FIG. 1 is a diagram showing the shape and dimensions of a molded article produced in an example. a is a plan view, b is a sectional view taken along the line A-A, and the units of numbers are mm.

FIG. 2 is a graph showing heating and cooling curves used in degreasing in Examples.

FIG. 3 is a graph showing the amount of oxygen in the degreased body and the sintered body when the amount of oxygen in the degreased atmosphere is varied from 0 to 100%.

FIG. 4 is a graph showing the relationship between the maximum temperature and the amount of binder remaining in the degreased body when the oxygen content in the degreased atmosphere is 0% and 20%.

FIG. 5 is a graph showing the relationship between the amount of oxygen in the degreasing atmosphere and the shortest total degreasing time to obtain a defect-free degreased body.

[Figure 6] The relationship between the amount of oxygen in the degreasing atmosphere and this height when the handleability of the degreased body was evaluated by the height at which the degreased body would not chip or crack when dropped onto a wooden stand.

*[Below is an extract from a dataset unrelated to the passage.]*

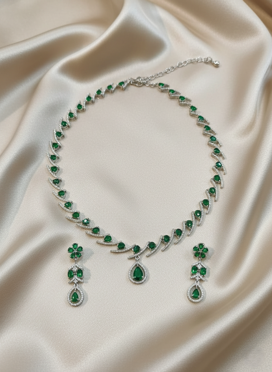 Elevate your evening ensemble with the timeless sophistication of the NISA Necklace and Earring Set. Featuring a radiant combination of brilliant-cut American Diamonds (AD) and vibrant emerald-green stones, this set is designed for the woman who loves to make a refined statement.
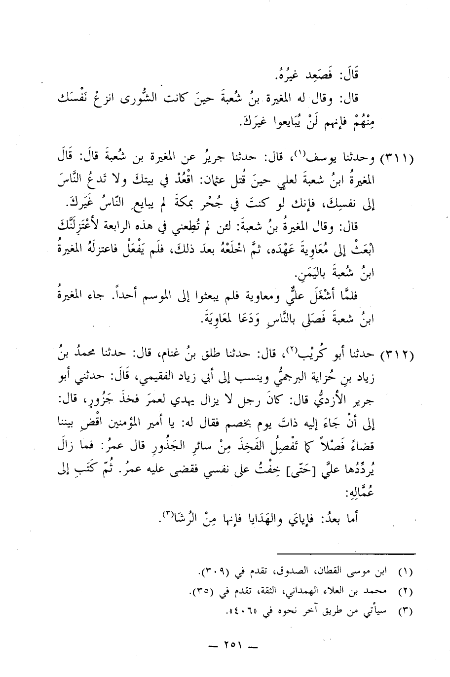 311 - وَحَدَّثَنَا يُوسُفُ، قَالَ: حَدَّثَنَا جَرِيرٌ، عَنِ الْمُغِيرَةِ بْنِ شُعْبَةَ، قَالَ: قَالَ الْمُغِيرَةُ بْنُ شُعْبَةَ لِعَلِيٍّ حِينَ قُتِلَ عُثْمَانُ: §اقْعُدْ فِي بَيْتِكَ وَلَا تَدْعُ النَّاسَ إِلَى نَفْسِكَ فَإِنَّكَ لَوْ كُنْتَ فِي جُحْرٍ بِمَكَّةَ لَمْ يُبَايِعِ النَّاسُ غَيْرَكَ. قَالَ: وَقَالَ الْمُغِيرَةُ بْنُ شُعْبَةَ: لَئِنْ لَمْ تُطِعْنِي فِي هَذِهِ الرَّابِعَةِ لَأَعْتَزِلَنَّكَ، ابْعَثْ إِلَى مُعَاوِيَةَ عَهْدَهُ ثُمَّ اخْلَعْهُ بَعْدَ ذَلِكَ، فَلَمْ يَفْعَلْ، فَاعْتَزَلَهُ الْمُغِيرَةُ بْنُ شُعْبَةَ بِالْيَمَنِ فَلَمَّا أُشْغِلَ عَلِيٌّ وَمُعَاوِيَةُ فَلَمْ يَبْعَثُوا إِلَى الْمَوْسِمِ أَحَدًا جَاءَ الْمُغِيرَةُ بْنُ شُعْبَةَ فَصَلَّى بِالنَّاسِ وَدَعَا لِمُعَاوِيَةَ

This is a graph showing.

Claims (1)

[Claims] Claim 1: A raw material powder having a tap density of 40% or more is prepared by suitably mixing powders with different average particle sizes and particle size distributions, and this is kneaded with a binder in an amount of 38% by volume or less and injection molded. A method for producing a sintered body, which comprises firing the obtained molded body in an atmosphere containing 1 to 30% oxygen to degrease it, and then sintering it in a reducing atmosphere.